5. The light emitting device of claim 1, wherein the first scan line and the second scan line are substantially the same line, and the first scan signal and the second scan signal are substantially the same signal.

6. The light emitting device of claim 2, wherein the first scan line and the second scan line are substantially the same line, and the first scan signal and the second scan signal are substantially the same signal.

7. The light emitting device of claim 1, wherein the data signal supplied by the data line is a static current, and when the first scan signal and the second scan signal are in an ‘on’ state, the data signal drives the driving tft.

8. The light emitting device of claim 7, wherein the static current is supplied to the driving tft when the first scan signal and the second scan signal are in an ‘on’ state.

9. The light emitting device of claim 2, wherein the data signal supplied by the data line is a static current, and when the first scan signal and the second scan signal are in an ‘on’ state, the data signal drives the driving tft.

10. The light emitting device of claim 9, wherein the static current is supplied to the driving tft when the first scan signal and the second scan signal are in an ‘on’ state.

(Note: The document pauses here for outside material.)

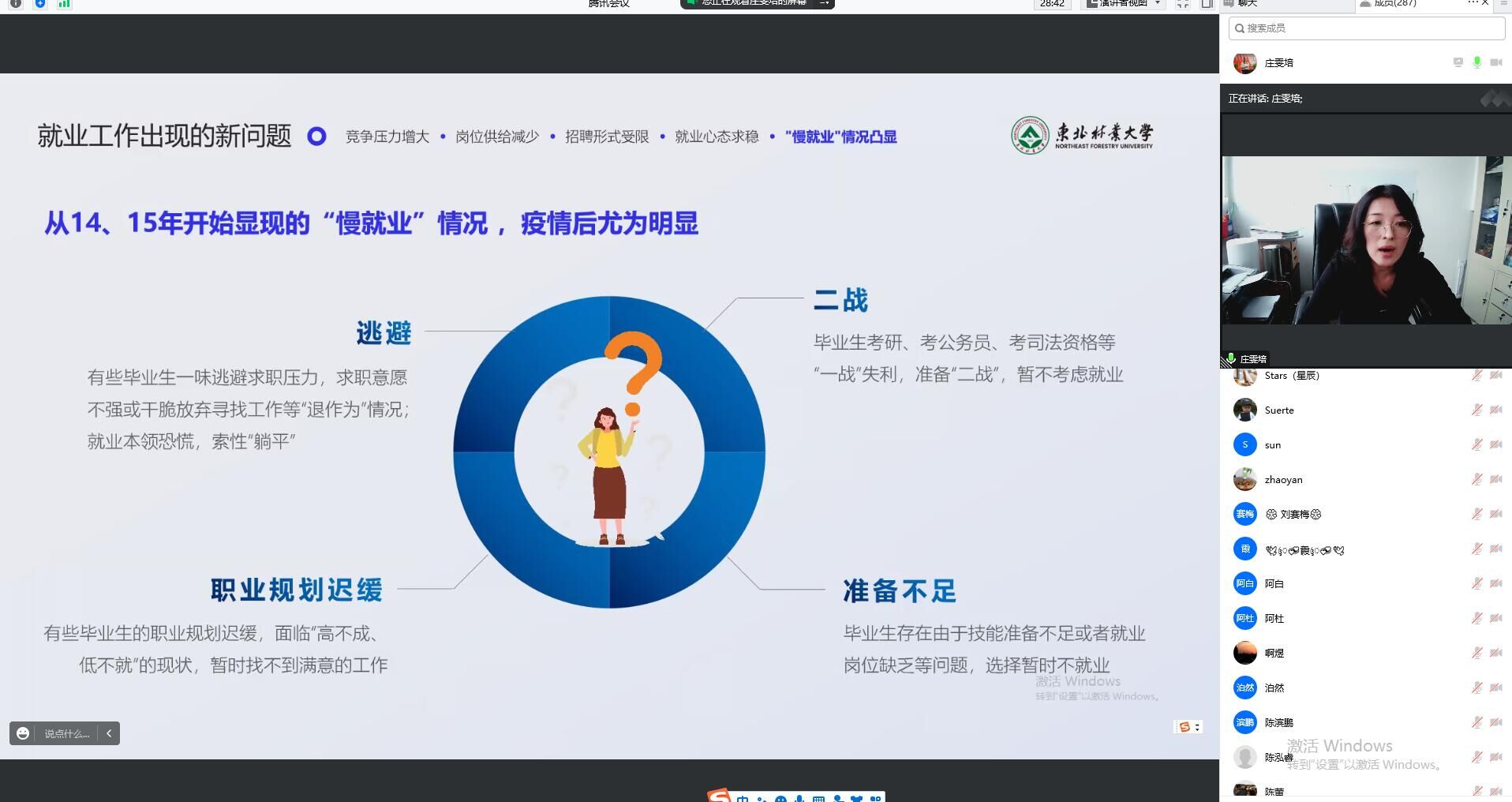 针对就业,庄书记从“秋招与春招的异同点”、“紧抓机遇、合理预期”等方面为各位家长做了详细讲解,建议家长多与员工沟通,了解员工就业意向,建立合理目标,挖掘多方资源,抢抓就业机遇。

11. The light emitting device of claim 6, further comprising:

a threshold voltage restorer connected to the gate of the driving tft and supplying a gate voltage that is lower than the ground voltage.

12. The light emitting device of claim 11, wherein the threshold voltage restorer is connected between the gate of the driving tft and a supporting data line and has a gate connected to a supporting scan line.

13. The light emitting device of claim 11, wherein the threshold voltage restorer is connected between the gate of the driving tft and a ground voltage of a previous terminal and has a gate connected to a first scan line of the previous terminal.

14. The light emitting device of claim 11, wherein the threshold voltage restorer is connected between the gate of the driving tft and the first scan line and has a gate connected to the first scan line of the previous terminal.

15. The light emitting device of claim 12, wherein the threshold voltage restorer is an NMOS transistor.

16. The light emitting device of claim 13, wherein the threshold voltage restorer is an NMOS transistor.

17. The light emitting device of claim 14, wherein the threshold voltage restorer is an NMOS transistor.

18. The light emitting device of claim 1, wherein the light emitting device comprises an organic emissive layer.

19. The light emitting device of claim 2, wherein the electroluminescence device comprises an organic emissive layer.